Trent Mays and Ma’lik Richmond of Steubenville, Ohio, face a judge and jury this week over charges that they raped a 16-year-old woman from West Virginia while she was too drunk to resist at a party just before the start of the 2012-13 school year. The night of partying began at the home of one of the Steubenville High School football coaches. The two were not allowed on the team this year, but other players who witnessed the events were.

Now, people are calling for rape prevention education for all high school coaches. Already, more than 27,000 people have signed a petition on change.org asking the National Federation of High School Associations, which accredits coaches, to work on creating a course on sexual violence prevention for high school coaches.

“Empowering coaches, who are mentors to young men, to begin difficult and complex conversations about sexual violence could create long-lasting change in communities across the nation and lead to curbing, and even ending, sexual violence,” write those behind the petition. It was started by Connor Clancy, a football player at Colby College, in Maine, and Carmen Rios, a former campus sexual violence educator and member of the SPARK Movement. SPARK is “a girl-fueled activist movement to demand an end to the sexualization of women and girls in media” according to its website.

It’s been almost two years since the U.S. Department of Education issued guidance to schools and universities about school violence. That guidance was meant to shape schools’ reactions, even in cases of sexual assault that happened off campus.

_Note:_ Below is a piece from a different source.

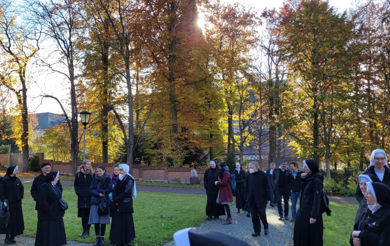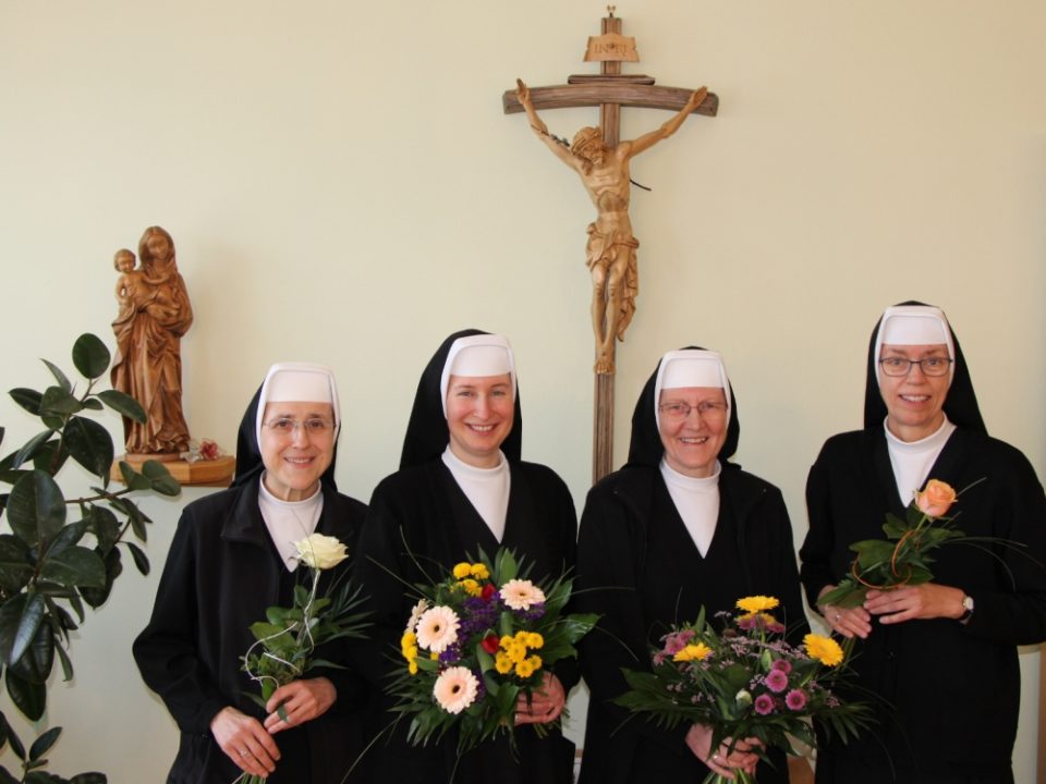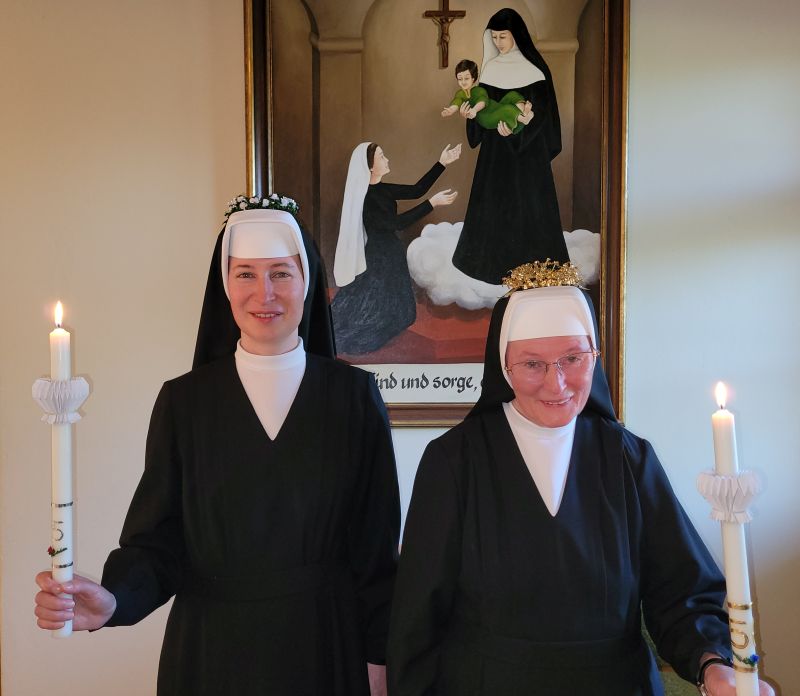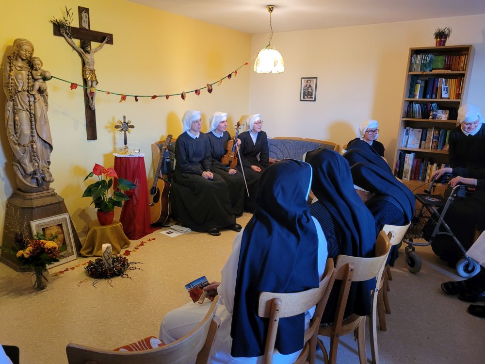 Wenn die Schwestern des Ruheheims ins Noviziat eingeladen werden, gleicht der Weg dorthin einer halben Weltreise; denn das Noviziat liegt am anderen Ende es Mutterhauskomplexes. Nichtsdestotrotz haben sich alle Bewohnerinnen des Ruheheims am 26. Okt. 2024 nachmittags eingefunden, um zusammen mit den Novizinnen den Rosenkranzmonat Oktober zu begehen. Anlass war der österreichische Staatsfeiertag genau an diesem Tag; denn genau vor 69 Jahren wurde Österreich wider Erwarten frei von den sowjetischen Besatzern. Geholfen hat der Aufruf zum Rosenkranzgebet durch P. Petrus Pavlicek, dem sich auch die damaligen Politiker anschlossen. Mit Liedern und einem Rosenkranzgesätzchen gedachten wir dieses geschichtsmächtigen Gebetes.

“A single incidence of rape is sufficient to create a hostile environment...for the entire school community. That is a huge point of clarification universities and schools have often struggled with,” said Russlynn H. Ali, assistant secretary for civil rights for the U.S. Department of Education at the time.

The Steubenville case affected many in the small town, with at least one judge and the county prosecutor, among others, forced to recuse themselves because of their connections with the football team, as noted in this article. The school district added unarmed guards to all of its schools earlier this year after threats of harm were made against those involved in the case who had not been charged.

In their petition, Clancy and Rios write, “We are sick of the sports communities surrounding them blindly supporting the boys and men, seemingly terrified of disrupting their athlete-hero culture that celebrates the local ‘golden boys’ whose behavior has no consequences and ignores the voices and experiences of the girls and women they hurt. We need to change this culture that tolerates violence. We need solutions.”

A version of this news article first appeared in the Rules for Engagement blog.